I don’t know what it is that compels me to reach for my camera whenever I see a lost or forgotten object, like this gallon of milk someone left behind in their grocery cart at the Auburndale Shaw’s this afternoon. There’s something lonesome and forlorn about castoff things. I always wonder about the story behind these objects, and I feel sad for the people who left them behind. Is someone upset now that they’re home and find themselves with a full refrigerator of food, but no milk? Is some harried parent making an emergency trip back to the store right now because the kids will need milk with their Saturday morning cartoons-and-cereal tomorrow?
I guess I feel a kind of sympathy for lost objects and the unseen folks who might be looking for them: who among us, after all, hasn’t lost something, and who among us hasn’t, at some point, felt lost? Often the lost objects I find (and compulsively photograph) are prominently displayed on fences, benches, or other eye-level perches: someone took the time not only to retrieve this lost thing but to place it somewhere that it might be found. The sight of such kindness from one stranger to another always cheers me: it seems inherently hopeful to think that a frantic searcher might find a castoff thing, all because of the kindness of an anonymous stranger.

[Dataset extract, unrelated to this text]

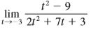 > Evaluate the limit and justify each step by indicating the appropriate Limit Law(s). - 2 lim 2 13 – 3t + 5 12 – 2

One day last week while J and I were in New York, a woman dropped her sweater as she bustled down a busy Chelsea sidewalk, and no sooner had the sweater landed but a handful of strangers each lunged forward, separately, to retrieve the garment and alert the woman: “Ma’am!” “Miss!” “Hey, lady!” J noted how this instantaneous rush to help an anonymous passerby belies everything you hear about brusque New Yorkers. Although city-dwellers might walk fast and avoid eye-contact, there still lies within us an instinctive urge to reach out, retrieve, and reunite lost objects with their owners. Perhaps we all know, intrinsically, the ache of lonesomeness, and this compels us to reunite lost objects and lost souls whenever we can.
This is my contribution to today’s Photo Friday theme, Lonesome.